Only nature and poetry, his two abiding loves, could cause Hodgson to slip a little from his standards of activity. “I do enjoy a leisurely walk home from lecture these days,” Hodgson wrote to Jimmy Hackett. “The sunlight goes right through me.” He read Wordsworth, Browning, Tennyson; he snuck in some hours to write his own doggerel verse, which betrayed a lurking, ironic sense of humor and a keen interest in ongoing debate over Darwinian evolution:
The Bishop knows better; for Huxley and Tyndall
Have shown him that man goes away like a fly;
And seeing the soul’s such a regular swindle,
He’ll eat and he’ll drink and tomorrow he’ll die.
We’ll prove you and I by a laudanum potion
The body is just what we always have thought her
A middling arrangement of molecule motion
Amm
onia, and carbonic acid and water.
Hodgson worried about Hackett’s lack of mental stimulation, mired in the dull practice of the law. He promised to write his friend about all the interesting philosophical questions that came up at Cambridge and the personal ones. “Thy brain shall not be dormant while I live, O Jimmy!”

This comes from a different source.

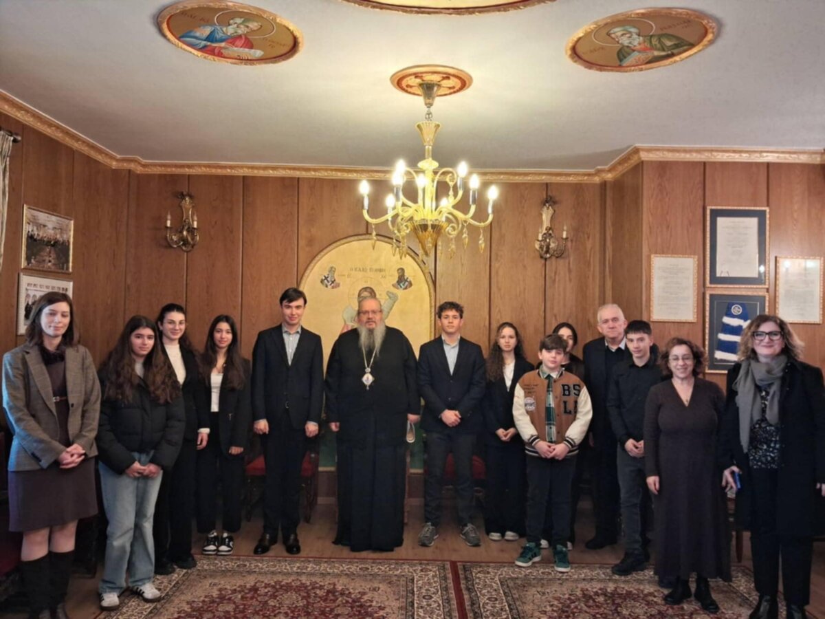 O κ. Ιερώνυμος συνεχάρη τα παιδιά, έδωσε την ευλογία του και μοίρασε τις ευχές του για καλή επιτυχία, καλώντας τους μαθητές-συνέδρους να μεταφέρουν και υποβάλλουν προς τον Παναγιώτατο Οικουμενικό Πατριάρχη κ.κ. Βαρθολομαίο τα σεβάσματά του και τις ευχές για μακροημέρευση στο τιμόνι του Προκαθημένου της Ορθόδοξης Εκκλησίας. Τους μαθητές και τις μαθήτριες συνόδευσαν στο Επισκοπείο ο Διευθυντής του Προτύπου ΓΕΛ Δρ Χαράλαμπος Ανδρεόπουλος (ΠΕ01) και η καθηγήτρια κ. Σοφία Τσιβρανίδου (ΠΕ06) και εκ μέρους του Πειραματικού Γυμνασίου οι καθηγήτριες κ.κ. Ελένη Πετρενίτη (ΠΕ02) και Παρασκευή Μπαζή (ΠΕ03).

HODGSON KNEW he lacked the proper philosophy student’s attitude, which he described as sitting at the professor’s feet, and he knew he annoyed Sidgwick. “I was rather amused,” Hodgson wrote home, “because he seems a goodly fellow and I thought I detected a feeling that he had better be rough with me with the intention of diminishing my confidence.”

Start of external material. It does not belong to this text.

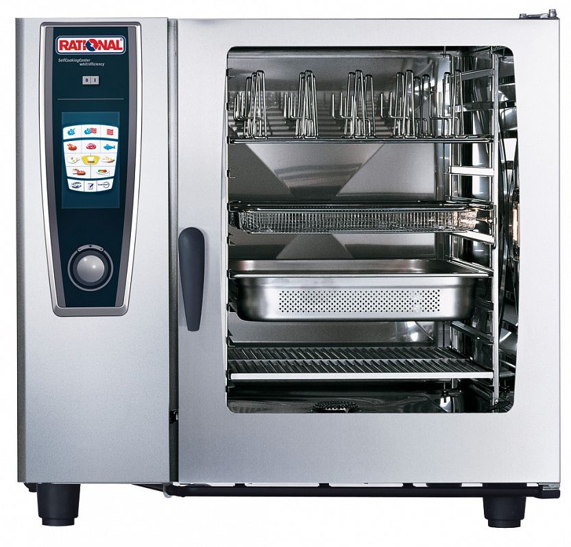 Пароконвектомат Rational SCC 102G 5 Senses серии SelfCookingCenter предназначен для приготовления блюд путём жарки, тушения или варения на предприятиях общественного питания и торговли. Такое оборудование может заменить плиту, жарочный и духовой шкаф, конвекционную печь, опрокидывающуюся сковороду, пищеварочный котел и др. Модель оснащена цветным 8,5 дюймовым TFT-монитором, сенсорным экраном с самообъясняющими символами.

But in this, he underestimated his philosophy professor. Sidgwick saw in the young Australian much more than an inflated ego. He saw a smart, decent, hardworking man—and a natural investigator. He’d been looking for someone like Hodgson. He had a project in mind, the SPR’s most ambitious investigation to date.
As had so many others, Richard Hodgson found himself persuaded by Henry Sidgwick. By December 1884, the young Australian scholar was in Bombay, India, on an expedition financed by his philosophy professor, in pursuit of an elusive but influential psychic.